Payroll FAQs

Q. I already use a different Payroll Agent but would like to use your services, how easy it to do this?

We will require some information from your existing Payroll Agent but we should be able to get this directly from them; transferring to our service is really easy and we can make sure that the whole process happens smoothly for you and doesn’t interrupt your Carer’s payment cycle.

Q. My Employee has lost their payslips and needs duplicates for a mortgage application, can you help with this?

Yes! We keep your payroll records securely so we can provide copies of any payslip we have produced for you in the past.

Q. My Employee is sick, are they entitled to Statutory Sick Pay?

You only need to pay SSP to an employee if they meet the qualifying conditions set out below.

Qualifying conditions:

An employee must meet all the following conditions to get SSP:
•    They must be your employee – and they’ll need to have done some work under their employment contract before going off sick.
•    They must be unable to work due to sickness for a period of at least 4 days (these days do not need to be working days)
•     The days they’re getting paid SSP for must be qualifying days – these are days they normally work.
•    Their earnings must be at least as much as the Lower Earnings Limit for National Insurance contributions (NICs).
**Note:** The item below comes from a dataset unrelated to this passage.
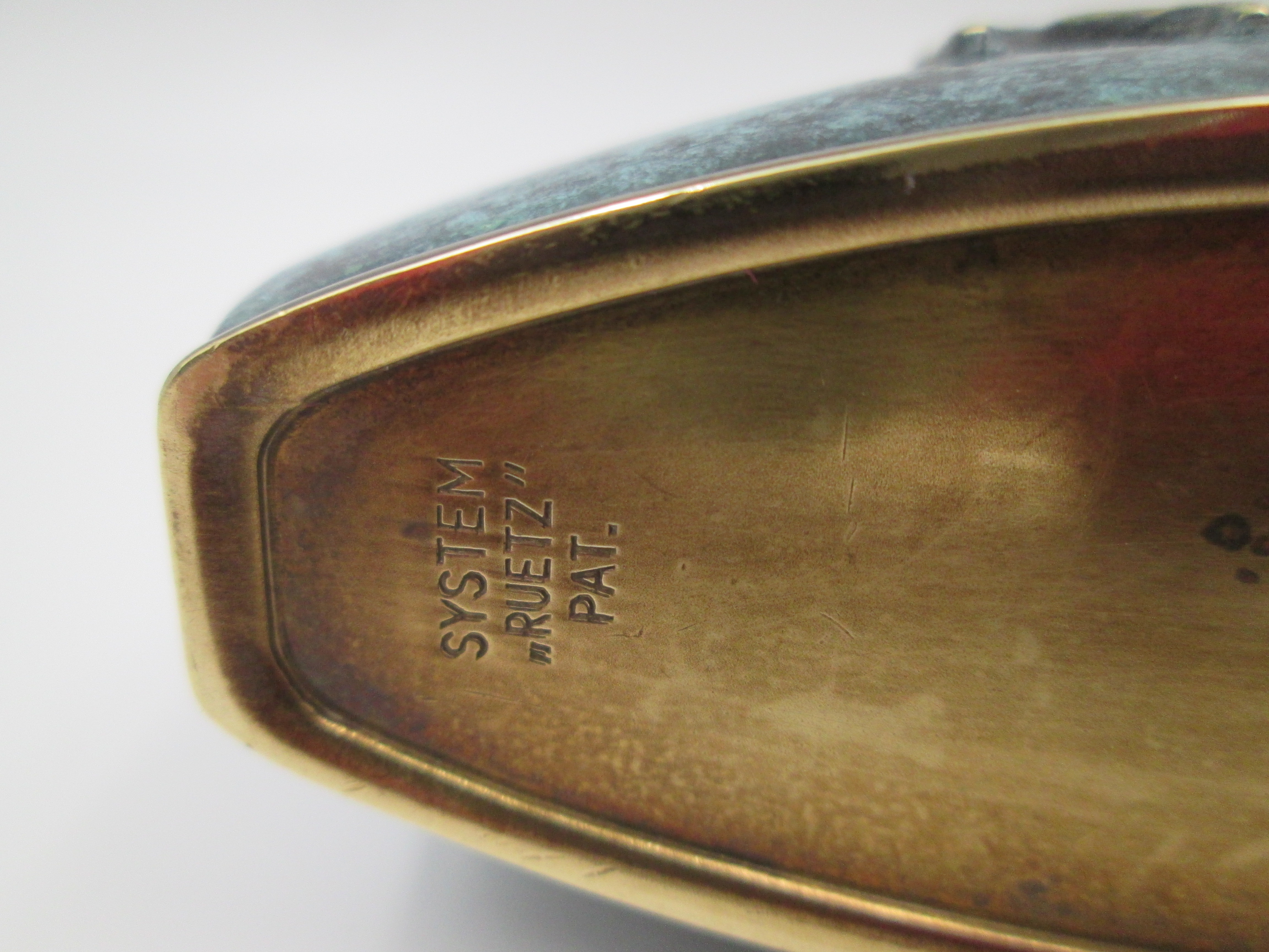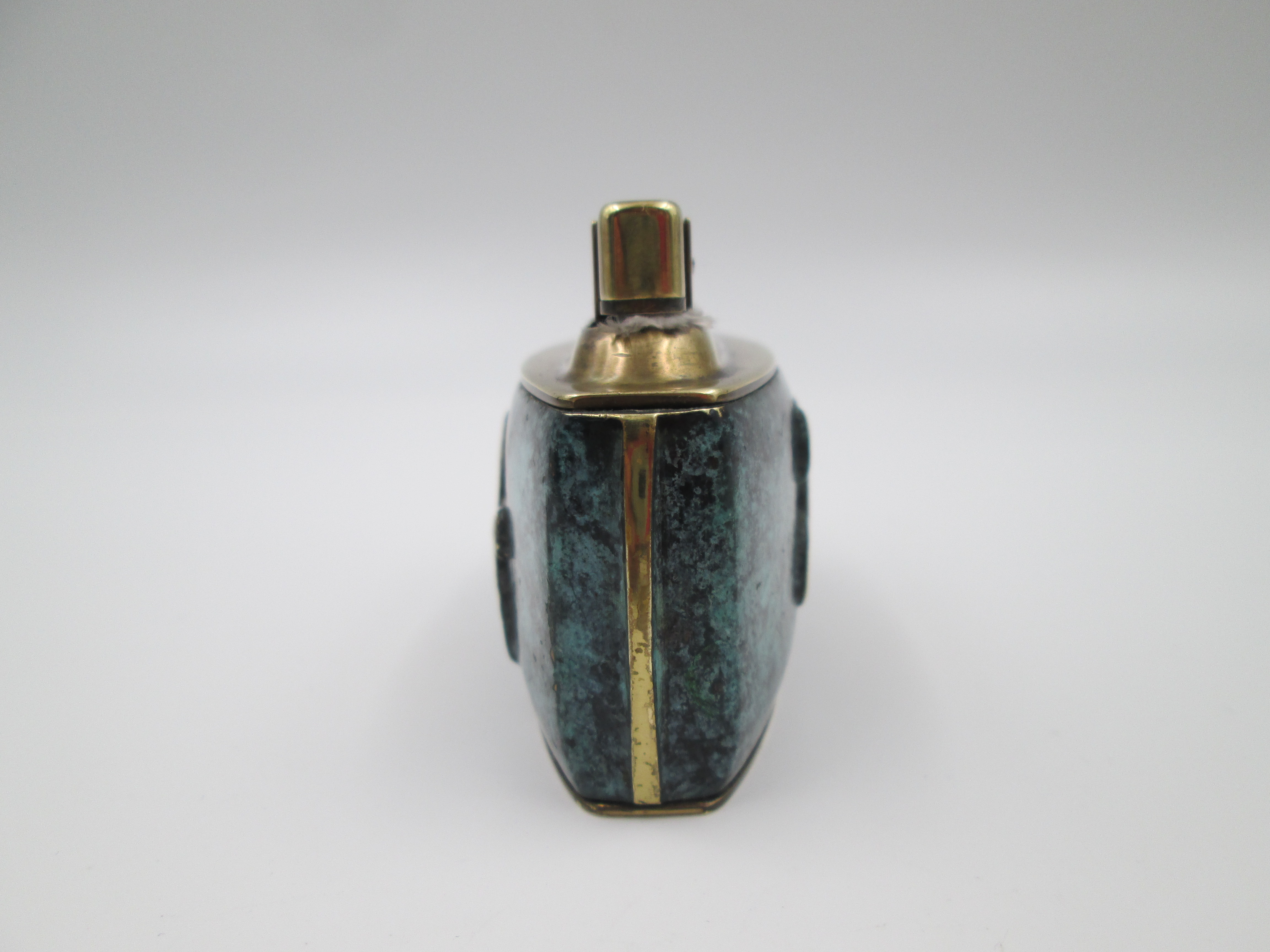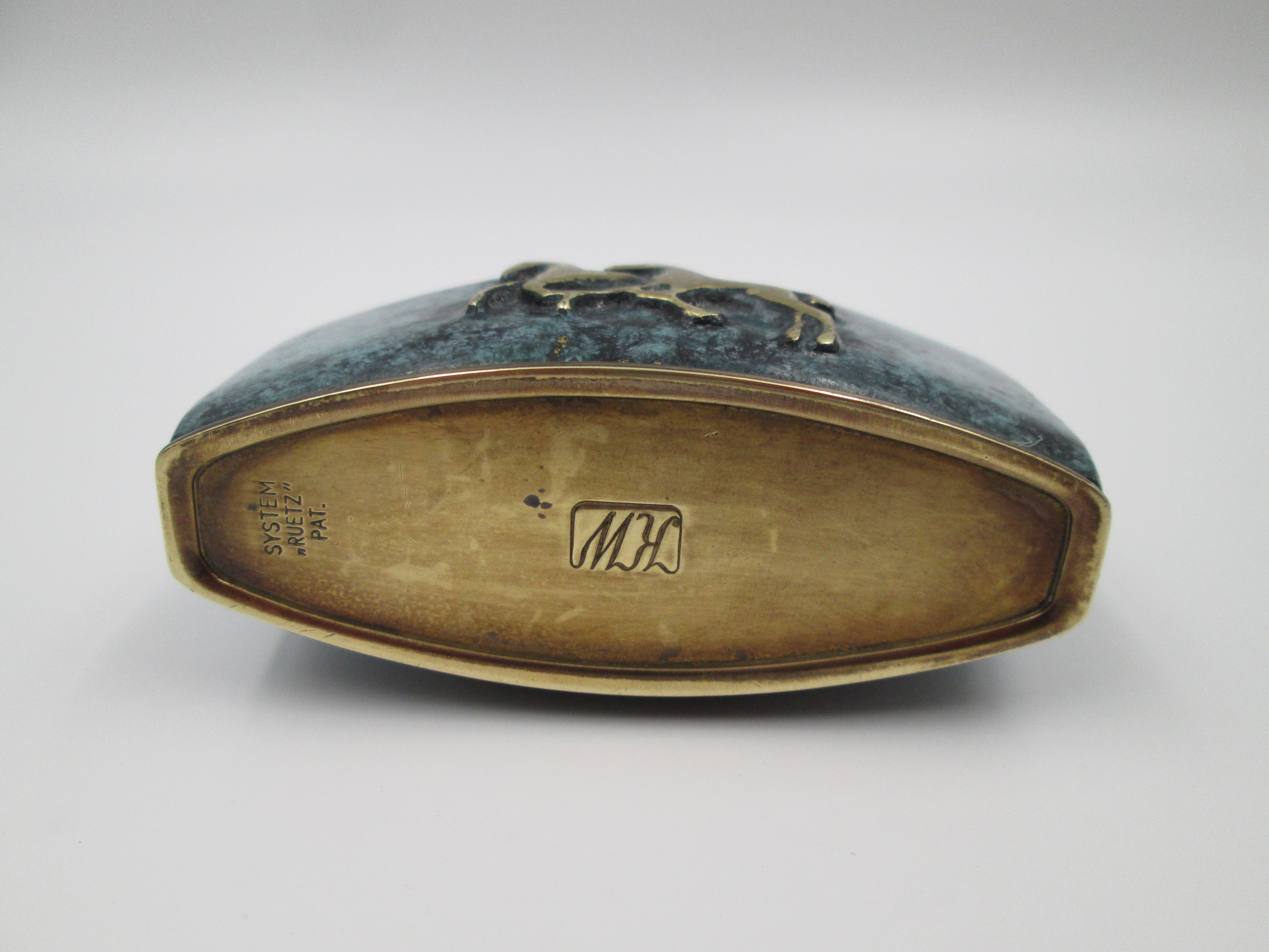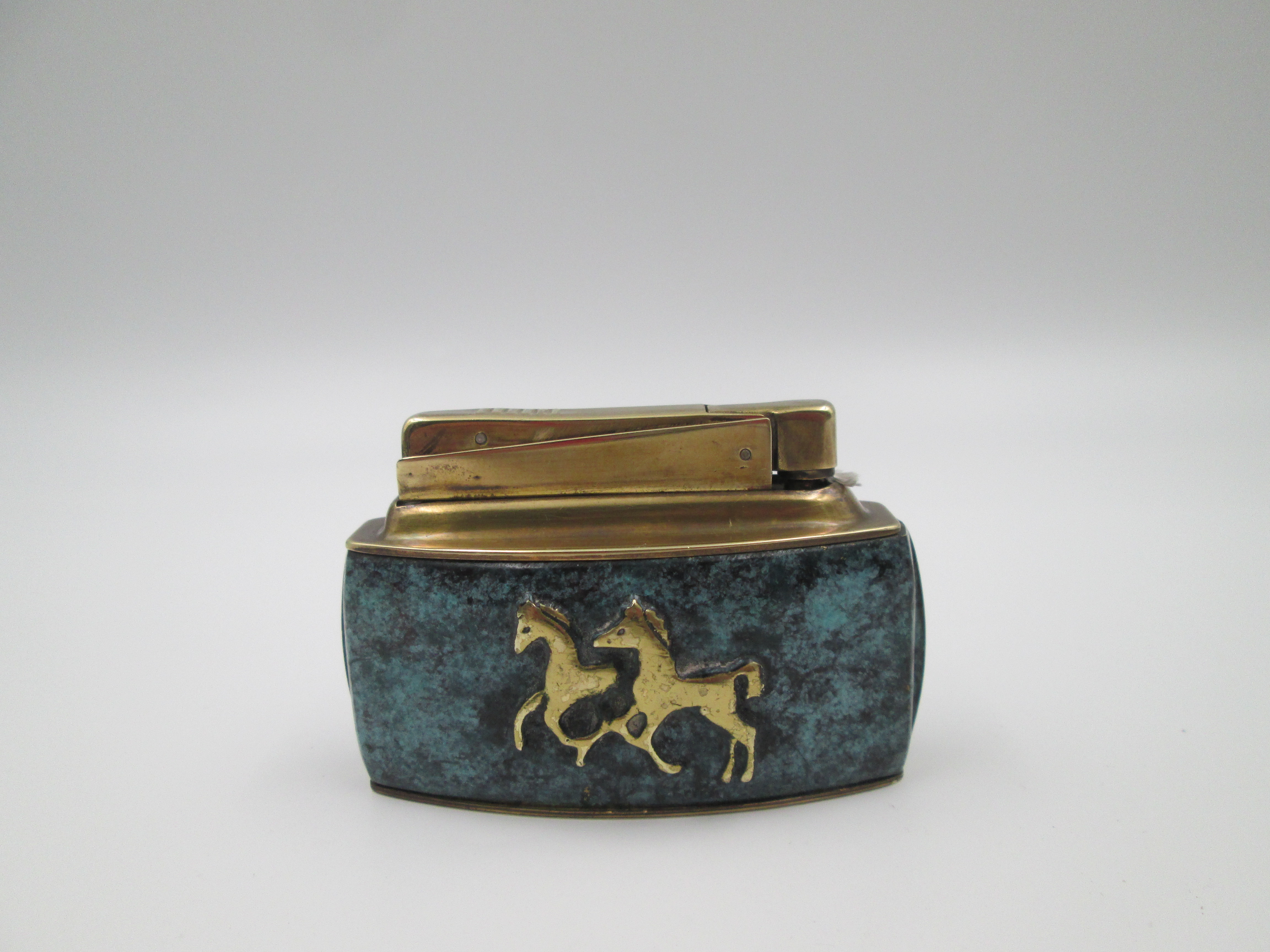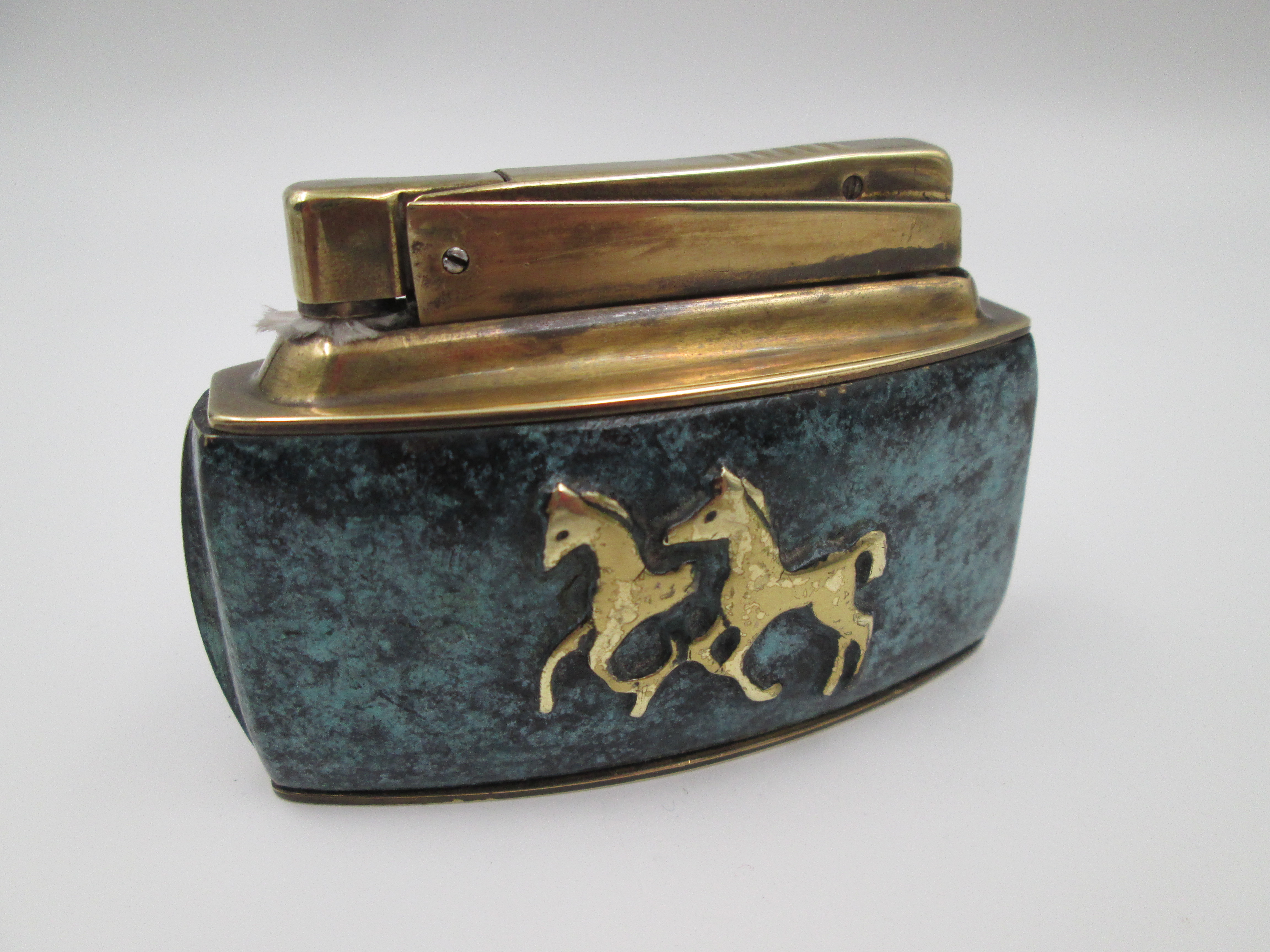Encendedor de gasolina Karl Wieden. Bronce y malaquita. Motivo de caballos. Alemania. 1930

This is £102 a week for 2011-12.
•    They can’t have already received the maximum amount of SSP for the PIW – or for a series of linked PIWs (28 weeks).
•    They must have notified you about their sickness – either within your own time limit or within seven days.
•    They must give you evidence of their incapacity, if you require it.

You may be able to recover some or all of the SSP you pay to your Carer but this depends on the total National Insurance payable for all of your Carers.

Q. How much holiday is my Employee entitled to?

Almost all workers above school leaving age – not just employees but also, for example casual workers – are entitled to 5.6 weeks paid holiday per leave year (28 days for a worker working a five-day week).
The 5.6 weeks is a minimum entitlement – you can choose to offer more.
You can count any days off for public or bank holidays towards a worker’s Statutory Holiday Entitlement – but only as long as you pay them for those days off.

Q. My Employee is a pensioner and thinks they shouldn’t pay National Insurance, is this correct?

Once someone is over State Pension age they don’t have to pay Class 1 or Class 2 National Insurance contributions if someone carries on working. They only have to pay them on any earnings that were due to be paid before they reached State Pension age. If someone stays in employment or self-employment after State Pension age they can apply for an Age Exception Certificate so that they don’t pay National Insurance contributions.
To apply for an Age Exemption Certificate your employee should telephone HMRC on 0845 302 1479

Q. My Employee is pregnant, will she get maternity pay?

If your employee is expecting a baby, she may be entitled to Statutory Maternity Pay (SMP). This replaces her normal earnings to help her take time off around the time of the birth. She also has a statutory right to a minimum amount of maternity leave.
Whether you have to pay SMP to an expectant employee depends on how long they’ve worked for you and how much they earn. They’ll have to provide you with evidence of when the baby is due and give you notice of when they want you to start paying their SMP.